Jack English

Personal information
- Full name: John Cogal English
- Date of birth: 13 December 1886
- Place of birth: Hebburn, England
- Date of death: 21 January 1953 (age 66)
- Place of death: Northampton, England
- Position: Left back

Senior career*
- Years: Team / Apps / (Gls)
- Hebburn Argyle
- Wallsend Park Villa
- 1910–1912: Preston North End / 6
- 1912–1913: Watford
- 1913–1919: Sheffield United / 73 / (0)
- 1919–1921: Darlington
- Total:  / 79 / (0)

Managerial career
- 1919–1928: Darlington
- 1928–1931: Nelson
- 1931–1935: Northampton Town
- 1935–1939: Exeter City
- 1945–1946: Darlington

= Jack English (footballer, born 1886) =

English footballer and manager

John Cogal English (13 December 1886 – 21 January 1953) was an English footballer and manager who played for Hebburn Argyle, Preston, Watford and Sheffield United. He played as a left-back and was judged to be the finest in the League in 1915.

==Club career==
Born in Hebburn, County Durham, English started playing with Hebburn Argyle. He then went on to play for Preston and Watford, before being sold to Sheffield United for a fee of £500 in April 1913. He was a member of the Blades team who won the FA Cup final in 1915.

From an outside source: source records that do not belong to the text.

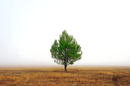 A solitary green pine tree stands gracefully in a fog-covered brown field, showcasing a serene and tranquil landscape. Ideal for nature-themed projects.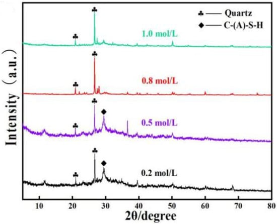 Figure 13 shows that a small quantity of OH- has no obvious erosion effect on the specimens of the alkali-activated GGBS/HCFA composite cementitious material, which is related to the presence of a large amount of OH- in the system; as the concentration of OH- increases, the specimens’ hydration product C-(A)-S-H gel is eroded, and the erosion is more severe at 0.8 mol/L. Combined with the mechanical properties, the specimens’ strength reduced as the OH- concentration increased, although there was no continuous decrease, which was related to the depth of alkali erosion.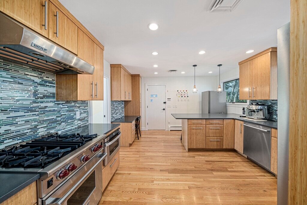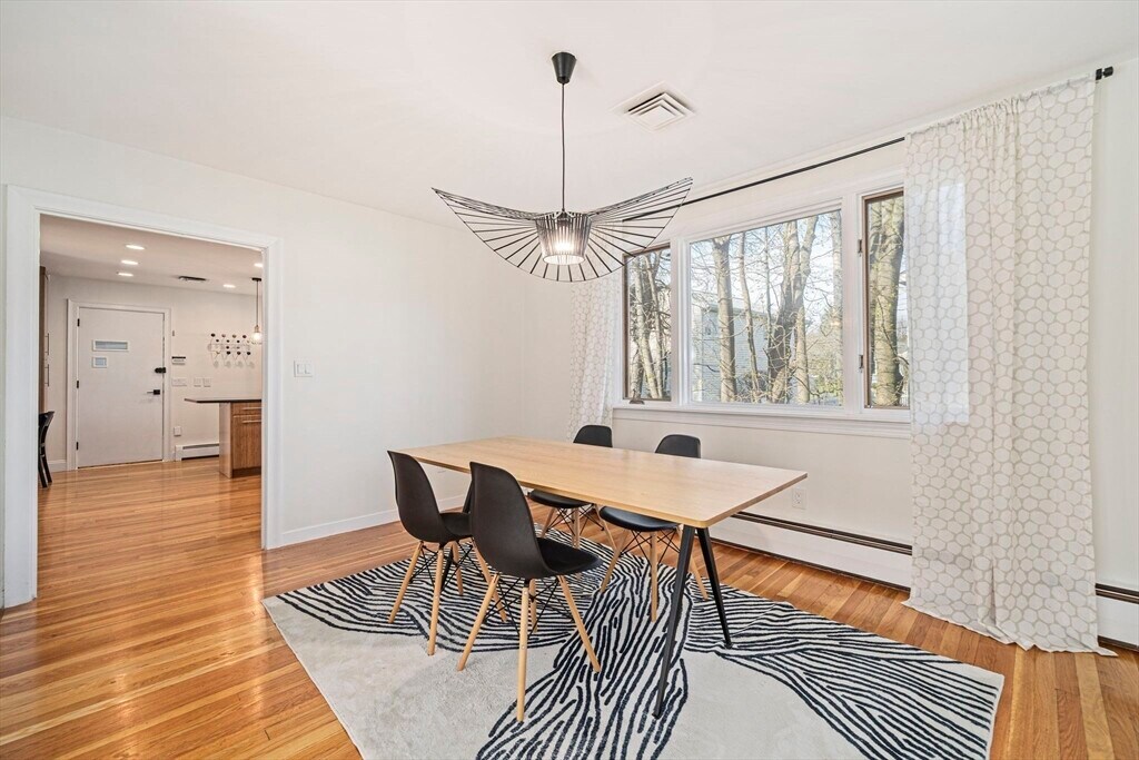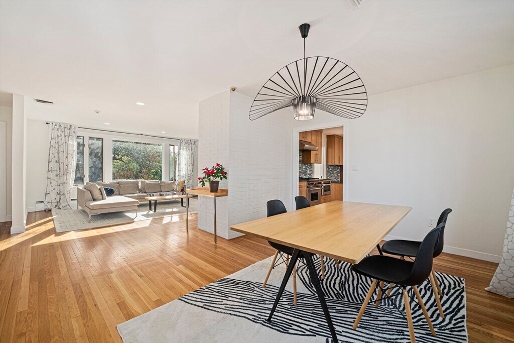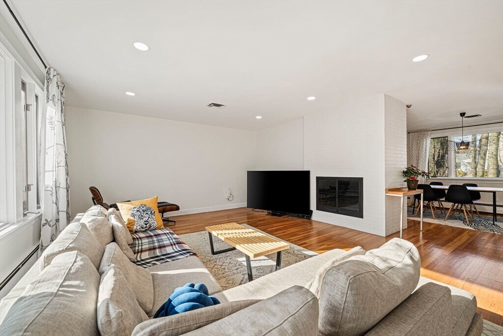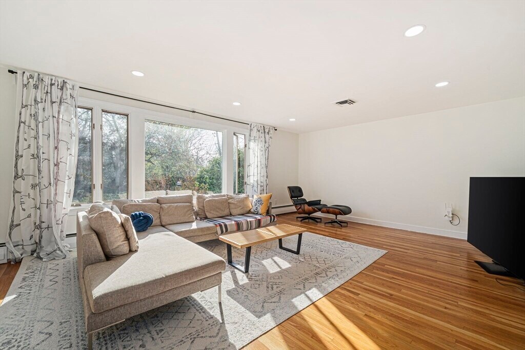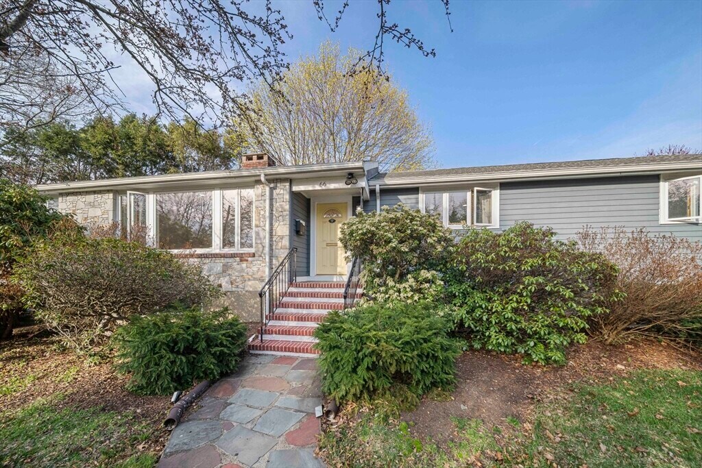 Set on a generous corner lot in one of Newton's most established neighborhoods,66 Roosevelt Road is a thoughtfully reimagined mid-century ranch within a short walk of Newton South High School. The chef's kitchen impresses with a Wolf 6-burner range,custom cabinetry,quartz countertops,glass mosaic tile backsplash,and a kitchen island with seating. The open living and dining area flows seamlessly,anchored by a fireplace and oversized windows that flood the space with natural light. Hardwood floors run throughout. The primary suite offers a renovated en-suite with frameless glass shower and floating vanity. Three additional bedrooms share an updated hall bath. A mudroom connects to the two-car garage,composite deck,fenced yard,and patio. The finished basement offers a family room,built-in bookshelves,and a half bath. In-unit washer/dryer and central A/C included. Minutes to Newton Centre,the Green Line,and top-rated Newton public schools. MLS# 73504551

He left the Blades after refusing to re-sign following World War I and joined Darlington in 1919 as player-manager, retiring from playing in 1921 but remaining as manager for a further seven years. He went on to manage Nelson, before moving to Northampton Town, resigning from that post in March 1935. He later managed Exeter City.

==International career==
Jack English was selected to play for England against Wales in 1914 but his club would not release him.